Assessment of frost and freeze-thaw damage to concrete pavers (Part 1)

This article deals with the technological assessment of paved surfaces where concrete pavers were damaged due to freeze-thaw impact. Part 1 concentrates on the test and assessment methods available for identifying root causes of the damage as well as for determining appropriate remedial actions.

High weather resistance of concrete pavers is crucial wherever paved surfaces are exposed to frequent freeze-thaw cycles. In this respect, it should be noted that the climatic conditions prevailing in “warm inner-city areas” (with only a few frost days) and in the high mountains (with only a few days above the frost threshold) are usually less critical than in areas continuously exposed to freeze-thaw impact. For instance, the increased susceptibility to damage of car wash areas is due to the large number of freeze-thaw cycles.

In Germany, concrete pavers with increased weather resistance (Class 3 in accordance with DIN EN 338) must be used for paved surfaces owing to the prevailing climatic conditions. Yet damage such as concrete spalling is often found in paved areas and frequently gives rise to legal disputes (see Fig. 1).

Against this backdrop, this article primarily deals with the technological assessment of paved surfaces where concrete pavers were damaged due to freeze-thaw impact. In so doing, this article concentrates on the test and assessment methods available for identifying root causes of the damage as well as for determining appropriate remedial actions. Further information regarding the damage mechanisms and the assessment of samples taken from paved surfaces is provided in [3].


1          Appearance

1.1       Damage patterns

Damage caused by freeze/de-icing salt impact on paved surfaces can become visible in a wide variety of patterns, including locally restricted or widespread cement paste scaling or punctiform pop-outs on top of individual aggregate particles.

Widespread cement paste scaling is the most common phenomenon usually found after freeze-thaw impact on concrete pavers, but the scaling rate can vary strongly (see Figs. 1 and 2). The same is true for the number of affected paving stones even if items from a single production batch are installed. In many cases, only isolated pavers or small areas are affected, whereas in others, almost all pavers of a large paved surface show signs of damage.

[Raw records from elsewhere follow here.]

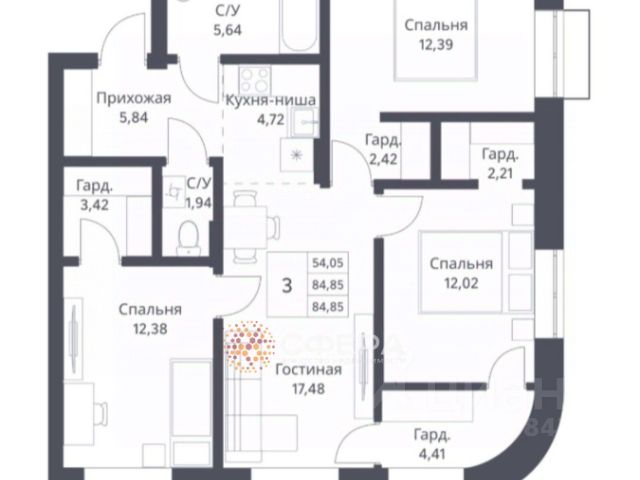 Возможна отделка от строительной компании — Что включено: Обои, моющиеся порядка, 15 вариантов на выбор; Ламинат + керамогранит на входе; Натяжной потолок, светильники, с закладными; Сан.узел: выложен плиткой, на полу керамогранит: -ванна акриловая -тумба подвесная; -тропический душ; -натяжной потолок, светильники, с закладными; -FRAP сантехника
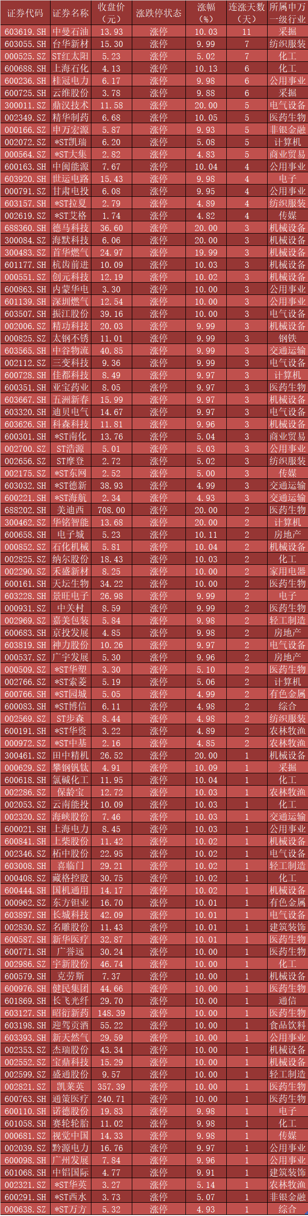 個股方面,周一,3082只個股實現(xiàn)不同程度的上漲,1216只個股出現(xiàn)下跌,其中,97只個股以漲停價報收。
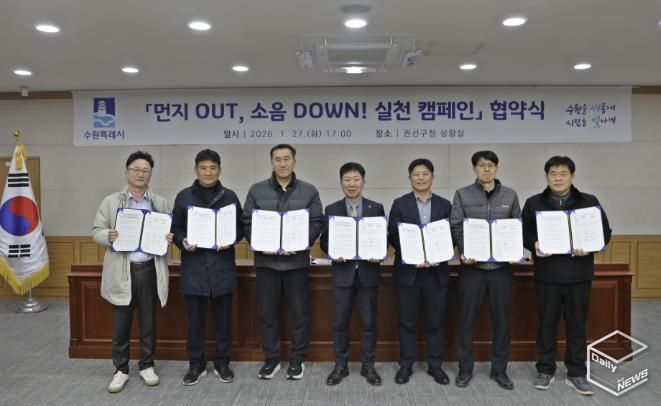 수원시 권선구는 지난 1월 27일 구청 상황실에서 관내 대형공사장 6개소와 비산먼지 및 소음 저감을 위한 ‘먼지 OUT, 소음 DOWN! 실천 캠페인’ 자율 실천 협약식을 개최했다.

Other phenomena frequently seen besides more or less extensive scaling include locally restricted patterns also referred to as pop-outs on the paver surface. This type of damage usually starts from the near-surface aggregate particles of the face mix and continues in the direction of the cement paste (see Fig. 3).

More often than not, even experts in the field attribute this type of scaling to the use of inappropriate, and thus “defective”, aggregate particles in the event of a complaint without carrying out further tests.

Upon closer inspection, the notion of aggregate particles with insufficient weather resistance causing the damage is frequently proved to be incorrect. Although aggregate particles susceptible to disintegration are often found in the center of such scaling patterns (see Fig. 3), entirely intact particles with a dense structure and high freeze-thaw resistance (Fig. 4) are identified much more frequently in the center of such phenomena.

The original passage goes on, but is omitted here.